Code and data for the paper
Pascal Welke, Florian Seiffarth, Michael Kamp and Stefan Wrobel: HOPS: Probabilistic Subtree Mining for Small and Large Graphs. KDD 2020
If you use this work, please cite our paper.
You can find the code for experiments and plot generation of Section 6.1: Approximate Counting in Large Graphs in the /largegraph/ folder.

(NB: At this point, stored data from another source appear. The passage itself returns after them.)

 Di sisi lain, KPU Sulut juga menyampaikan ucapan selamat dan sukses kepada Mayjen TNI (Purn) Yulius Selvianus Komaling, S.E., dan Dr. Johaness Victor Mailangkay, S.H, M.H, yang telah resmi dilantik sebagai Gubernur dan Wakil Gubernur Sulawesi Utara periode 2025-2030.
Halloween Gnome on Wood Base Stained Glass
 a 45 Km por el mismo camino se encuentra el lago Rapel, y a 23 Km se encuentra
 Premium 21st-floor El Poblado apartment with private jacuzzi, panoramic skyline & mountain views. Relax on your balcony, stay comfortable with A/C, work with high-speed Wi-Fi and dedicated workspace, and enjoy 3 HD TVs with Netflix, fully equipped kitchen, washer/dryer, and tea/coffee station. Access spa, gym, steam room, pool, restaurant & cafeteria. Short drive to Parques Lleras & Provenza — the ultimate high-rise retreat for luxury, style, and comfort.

The code for experiments and plot generation of Section 6.2: Probabilistic Frequent Subtree Mining is located in the /smallgraphs/ folder.
The code has been tested on recent Ubuntu Linux distributions (18.04, 19.10).

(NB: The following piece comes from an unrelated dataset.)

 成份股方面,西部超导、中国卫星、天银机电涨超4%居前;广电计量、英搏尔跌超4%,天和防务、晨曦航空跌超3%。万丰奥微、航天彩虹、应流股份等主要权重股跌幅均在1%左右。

Set up the experiments and evaluation:
-
(Clone the project)
-
Set up python3 conda environment for hops:
- conda create -n hops python=3.7 joblib matplotlib
- pip install tikzplotlib
-
Set up python2 for Ravkic algorithms:
- install python2.7: sudo apt install python2.7 python-pip
- sudo apt-get install python-tk
-
Set up experiments:
- in run_exp.py set main_path=".../largegraph"

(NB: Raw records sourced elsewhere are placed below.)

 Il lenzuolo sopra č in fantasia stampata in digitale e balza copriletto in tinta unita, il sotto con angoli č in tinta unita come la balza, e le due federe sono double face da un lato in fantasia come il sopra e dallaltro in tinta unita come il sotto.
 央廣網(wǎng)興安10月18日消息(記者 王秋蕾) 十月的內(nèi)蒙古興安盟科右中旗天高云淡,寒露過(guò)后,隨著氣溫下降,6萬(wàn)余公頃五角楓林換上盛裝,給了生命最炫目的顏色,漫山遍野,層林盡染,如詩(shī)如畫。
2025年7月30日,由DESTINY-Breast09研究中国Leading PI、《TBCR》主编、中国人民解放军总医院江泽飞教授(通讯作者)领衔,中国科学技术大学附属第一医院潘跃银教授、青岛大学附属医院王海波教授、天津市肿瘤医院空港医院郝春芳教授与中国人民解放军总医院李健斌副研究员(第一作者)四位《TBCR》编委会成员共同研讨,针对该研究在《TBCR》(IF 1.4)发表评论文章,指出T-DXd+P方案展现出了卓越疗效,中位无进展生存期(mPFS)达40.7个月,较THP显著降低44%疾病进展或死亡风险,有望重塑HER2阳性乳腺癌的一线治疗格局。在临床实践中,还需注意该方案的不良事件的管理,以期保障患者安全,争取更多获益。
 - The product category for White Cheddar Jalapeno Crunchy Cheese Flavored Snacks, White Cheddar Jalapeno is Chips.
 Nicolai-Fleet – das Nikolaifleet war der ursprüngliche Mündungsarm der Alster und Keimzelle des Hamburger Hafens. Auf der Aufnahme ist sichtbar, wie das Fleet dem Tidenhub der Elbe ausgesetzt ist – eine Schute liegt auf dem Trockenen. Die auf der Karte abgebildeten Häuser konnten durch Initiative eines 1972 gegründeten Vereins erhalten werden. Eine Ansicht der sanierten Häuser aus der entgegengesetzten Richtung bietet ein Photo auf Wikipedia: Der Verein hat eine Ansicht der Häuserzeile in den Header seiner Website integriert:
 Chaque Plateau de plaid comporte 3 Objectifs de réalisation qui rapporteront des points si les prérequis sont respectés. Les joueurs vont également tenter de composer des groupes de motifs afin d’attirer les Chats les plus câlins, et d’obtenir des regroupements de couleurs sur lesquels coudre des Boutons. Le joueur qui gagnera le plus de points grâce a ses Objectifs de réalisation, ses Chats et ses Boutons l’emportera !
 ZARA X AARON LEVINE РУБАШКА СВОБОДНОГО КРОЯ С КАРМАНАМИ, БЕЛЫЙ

- run run_exp.py with your favourite graph, pattern size and time limit
-
Set up evaluation:
- in evaluate.py set path=".../largegraph/
- run evaluate.py for evaluation
Set up the experiments and evaluation:
- (Clone the project)
- Download and unzip the graphs "com-amazon.ungraph", "com-orkut.ungraph", "com-lj.ungraph" from https://snap.stanford.edu/data/index.html into the folder snap_big_graphs
- Adjust paths in main_snap.py
- Install the required packages
- run main_snap.py
- (Clone the project)
- Install gnu parallel: sudo apt install parallel
- Run smallgraphs/runExperiments.sh
- Inspect results in the subfolders